Pedro Paulo (PP): “As gravações são importantes sim, você ouvindo, eu até

não gosto, de vez em quando eu escuto aquilo que eu canto sabe, mas você ouve, você corrige falhas. É... as suas falas, a cantoria, dá pra você corrigir um monte de coisa. Porque tudo que você canta em qualquer situação, é uma sequência de palavras, uma sequência de coisas. Não dá pra ficar cantando saltiados, você tem que pegar uma linha, começo e fim. Então a gravação é importante, pra você evitar ser repetitivo, as vezes você escuta uma gravação e fala “opa, tô repetindo aí né...”. É muito importante. ”
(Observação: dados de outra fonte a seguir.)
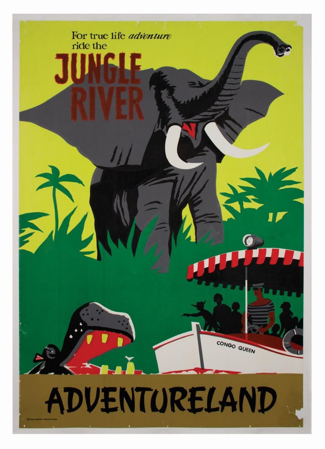 (Disneyland, c.1955) An original hand-silkscreened poster for the Jungle Cruise attraction in Disneyland's Fantasyland. Featuring an eye-catching exotic animal and riverboat design by Bjorn Aronson, the iconic poster teems with humorous details. Archivally linen-backed for preservation but otherwise unrestored, the piece measures 54"x36" and is in good condition with corner loss, edge tears and pin holes with paper loss, creasing and tears along the left edge, tears and spot paper loss in the Jungle River title, and occasional handling creases, scuffs, and surface abrasions throughout, the extent of which has been greatly improved through the linen-backing process.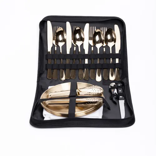 Набір посуду для пікніка HP-21-2 вирізняється збалансованим поєднанням функціональності та компактності. Його дизайн із золотистим відтінком підкреслює стиль і вишуканість, що рідко зустрічається у аналогічних комплектах. Крім того, наявність усіх необхідних компонентів і додаткового кухонного ножа з щипцями та відкривачкою гарантує багатофункціональність.
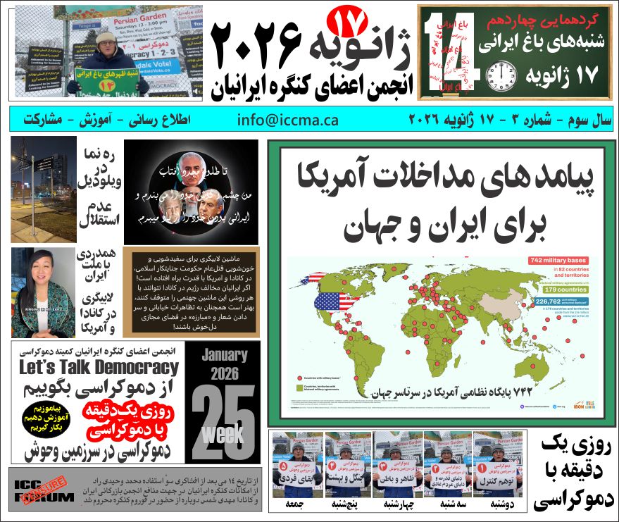 | January 16 at 1:19 PM | هموطنان گرامی، کنگره ایرانیان کانادا که همانند سازمان نیاک در آمریکا هستش برای لابی گری برای جمهوری اسلامی با تمامی قدرت وارد میدان شده است و سعی در این دارد که مطالبه |

Fábio Marcos (FM): “Eu acho que é importante sim, as gravações pra

Companhia. Principalmente vindo da família nossa, que é bem unida. A gente vê antepassados nosso, os entes queridos nossos, a gente vai sentido saudade tal. Também serve pra ver os erros, porque na hora ali a gente tá cantando ali, talvez não pode perceber, mas depois que você põe uma fita, um DVD pra vê ou escutar, você vai perceber o erro na voz, por que as vozes são todas duetadas entendeu. Então eu acho que serve também pra ver os erros. E também matar a saudade, matar a saudade de ver a trajetória da Companhia. Pra gente tem muito fundamento isso aí, é muito bom, é prazeroso, é gostoso, a gente tá vendo a Companhia de Reis nossa, aí pelas filmagens. ”

A partir das entrevistas podemos vera importância que o vídeo tem na manutenção e salvaguarda da memória do grupo e análise crítica da prática dos “fazedores”, pois permite ver e rever suas ações analisando-as para que no futuro possam aprimorar seus modos de fazer música e texto dentro da Folia.